Accelerate your CloudFormation authoring experience with looping function

Released: Jul 26, 2023

This might be the biggest announcement for AWS CloudFormation fans for time being. AWS CloudFormation announced at the end of July 2023 looping capability with Fn::ForEach intrinsic function. With Fn::ForEach, you can replicate parts of your templates with minimal lines of code.

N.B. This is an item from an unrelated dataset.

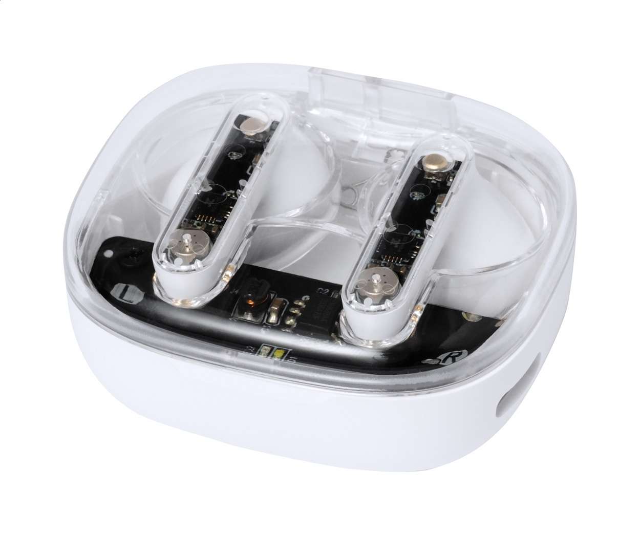 Auricolari stereo true wireless (TWS) semitrasparenti con componenti elettronici visibili e funzione di chiamata in vivavoce. In custodia di plastica semitrasparente. Incluso cavo di ricarica USB.

To use Fn::ForEach you have to declare AWS::LanguageExtensions transform. The language extensions transform expands the functionality of the base CloudFormation JSON/YAML template language. With this launch, you can use Fn::ForEach in your Resources, Resource properties, Conditions, and Outputs sections of your templates. Here's an example of CloudFormation YAML script that creates four different SNS Topics with different TopicNames:

AWSTemplateFormatVersion: 2010-09-09
Transform: 'AWS::LanguageExtensions'
Resources:
  'Fn::ForEach::Topics':
    - TopicName
    - - Success
      - Failure
      - Timeout
      - Unknown
    - 'SnsTopic${TopicName}':
        Type: 'AWS::SNS::Topic'
        Properties:
          TopicName: !Ref TopicName
          FifoTopic: true

Read the whole announcement here: https://aws.amazon.com/about-aws/whats-new/2023/07/accelerate-cloudformation-authoring-experience-looping-function/

AWS CodePipeline now supports GitLab

Released: Aug 14, 2023

Yet one more AWS DevOps service that integrate with popular 3rd party platform. You can now use your GitLab.com source repository to build, test, and deploy code changes using AWS CodePipeline. Connect your GitLab.com account using AWS CodeStar Connections, and use the connection in your pipeline to automatically start a pipeline execution on changes in your repository.

More here: https://aws.amazon.com/about-aws/whats-new/2023/08/aws-codepipeline-supports-gitlab/

Security

AWS WAF now supports Header Order match statement for request inspection

Released: Jun 5, 2023

AWS WAF now supports the Header Order match statement, enabling customers to specify the order in which HTTP headers appear in a request. With this feature, customers can further strengthen their access control measures by verifying additional dimensions of request metadata.

There is no additional cost for using this feature, however, standard AWS WAF charges still apply. It is available in all AWS Regions where AWS WAF is available and for each supported service, including Amazon CloudFront, Application Load Balancer, Amazon API Gateway, AWS AppSync, and Amazon Cognito. To learn more, see here: https://aws.amazon.com/about-aws/whats-new/2023/06/aws-waf-header-order-match-statement-request-inspection/

AWS KMS now supports importing asymmetric and HMAC keys

Released: Jun 5, 2023

You can now import asymmetric and HMAC keys into AWS Key Management Service (AWS KMS) and use them within supported KMS-integrated AWS services and your own applications. Importing your own key gives you direct control over the generation, lifecycle management, and durability of your keys. You can control the availability of your imported keys by setting an expiration period, or deleting and re-importing them at any time. These controls help you meet your specific compliance requirements if you must generate and store copies of keys outside of AWS.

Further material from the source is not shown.